:: Required work ::
Find, in the records below, the line that contains "Эта пещера вулканического" and the line that contains "Além das questões". Copy those two lines and everything between them exactly, but not the pictures.

:: Provided data ::
-------------------------
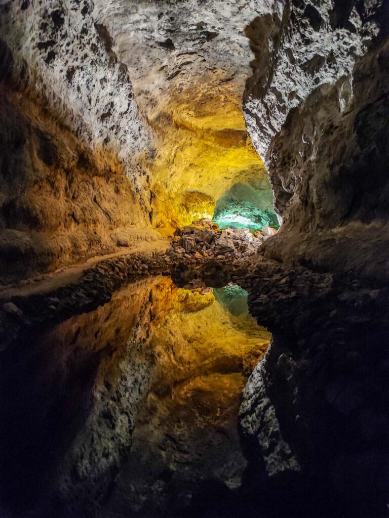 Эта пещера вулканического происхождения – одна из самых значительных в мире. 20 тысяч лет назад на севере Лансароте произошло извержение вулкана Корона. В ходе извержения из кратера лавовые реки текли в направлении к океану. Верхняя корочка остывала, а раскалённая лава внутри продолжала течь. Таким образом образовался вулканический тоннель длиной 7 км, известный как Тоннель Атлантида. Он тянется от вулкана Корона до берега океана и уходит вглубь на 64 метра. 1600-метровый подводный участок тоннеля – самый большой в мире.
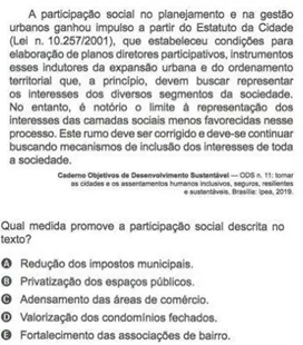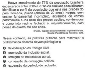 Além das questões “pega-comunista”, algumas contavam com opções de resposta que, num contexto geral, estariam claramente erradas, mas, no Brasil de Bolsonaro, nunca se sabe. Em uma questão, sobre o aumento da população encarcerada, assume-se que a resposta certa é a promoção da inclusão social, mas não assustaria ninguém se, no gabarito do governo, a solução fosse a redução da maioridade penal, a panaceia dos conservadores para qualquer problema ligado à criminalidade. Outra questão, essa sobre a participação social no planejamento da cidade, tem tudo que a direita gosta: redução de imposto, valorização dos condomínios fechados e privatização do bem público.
-------------------------
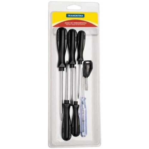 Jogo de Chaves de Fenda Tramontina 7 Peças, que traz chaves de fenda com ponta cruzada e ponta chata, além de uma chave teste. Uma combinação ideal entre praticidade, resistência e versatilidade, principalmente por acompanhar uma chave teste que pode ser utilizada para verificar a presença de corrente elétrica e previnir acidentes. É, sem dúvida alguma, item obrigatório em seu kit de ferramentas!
-------------------------
:: Finished exercise ::
 Эта пещера вулканического происхождения – одна из самых значительных в мире. 20 тысяч лет назад на севере Лансароте произошло извержение вулкана Корона. В ходе извержения из кратера лавовые реки текли в направлении к океану. Верхняя корочка остывала, а раскалённая лава внутри продолжала течь. Таким образом образовался вулканический тоннель длиной 7 км, известный как Тоннель Атлантида. Он тянется от вулкана Корона до берега океана и уходит вглубь на 64 метра. 1600-метровый подводный участок тоннеля – самый большой в мире.
 Além das questões “pega-comunista”, algumas contavam com opções de resposta que, num contexto geral, estariam claramente erradas, mas, no Brasil de Bolsonaro, nunca se sabe. Em uma questão, sobre o aumento da população encarcerada, assume-se que a resposta certa é a promoção da inclusão social, mas não assustaria ninguém se, no gabarito do governo, a solução fosse a redução da maioridade penal, a panaceia dos conservadores para qualquer problema ligado à criminalidade. Outra questão, essa sobre a participação social no planejamento da cidade, tem tudo que a direita gosta: redução de imposto, valorização dos condomínios fechados e privatização do bem público.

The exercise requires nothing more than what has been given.